Quelque 130'000 soldats étrangers, aux deux tiers américains, sont toujours déployés en Afghanistan, plus de dix ans après le début du conflit.

Les forces afghanes doivent prendre le contrôle de la sécurité de l'ensemble des provinces au cours de l'année 2013 afin de permettre le départ des troupes internationales à la fin 2014, selon un agenda fixé par l'Otan à son sommet de Lisbonne fin 2010.

Participation financière

A Bruxelles, les ministres, au premier rang desquels la secrétaire d'Etat américaine Hillary Clinton, doivent préciser la mise en oeuvre de cette stratégie et se projeter au-delà de 2014. Mais ils réservent l'annonce des décisions aux chefs d'Etat et de gouvernement qui se retrouveront lors du sommet de l'Alliance à Chicago les 20 et 21 mai.

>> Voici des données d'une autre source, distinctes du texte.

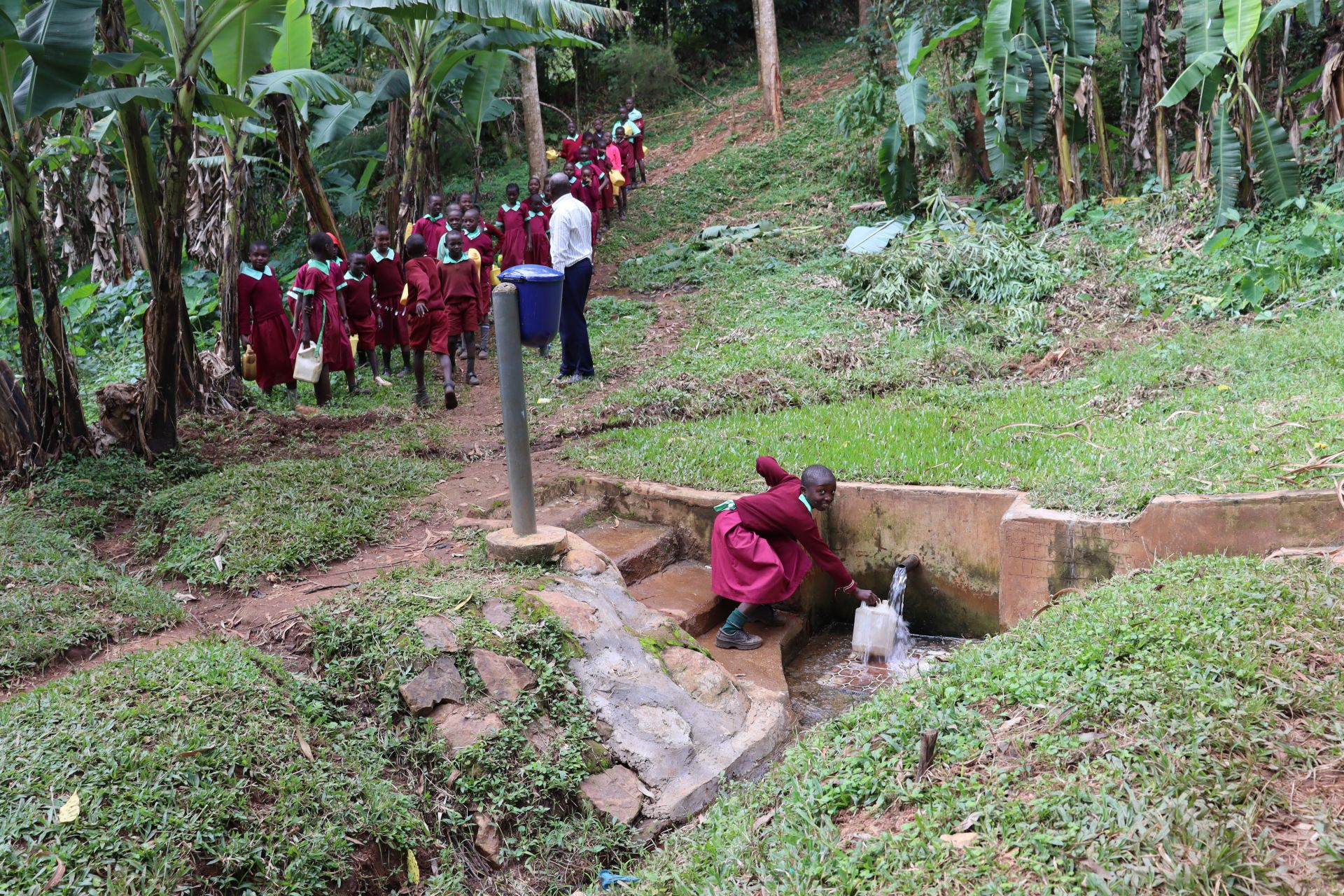 For the past five years, the St. Vincent Hirumbi Primary School, with 572 students and 29 staff members, and its surrounding community, have struggled without a dependable water source. They have access to two water sources: an overcrowded spring and a rainwater collection system, both of which are inadequate and potentially dangerous.

L'Otan et les Etats-Unis, de loin le pays le plus engagé, poussent les partenaires à s'engager dès à présent "à soutenir activement les forces afghanes sur le long terme". L'effort financier a été évalué à 4,1 milliards de dollars par an entre 2015 et 2017, dont plus de la moitié serait prise en charge par Washington.

Dans le cas contraire, le régime en place pourrait connaître le même sort que celui du président Najibullah qui s'était écroulé en 1991 dès l'arrêt du soutien financier et militaire des Soviétiques. Les insurgés ont de nouveau démontré leur détermination en menant dimanche une série d'attaques suicide coordonnées contre des lieux symboliques de Kaboul.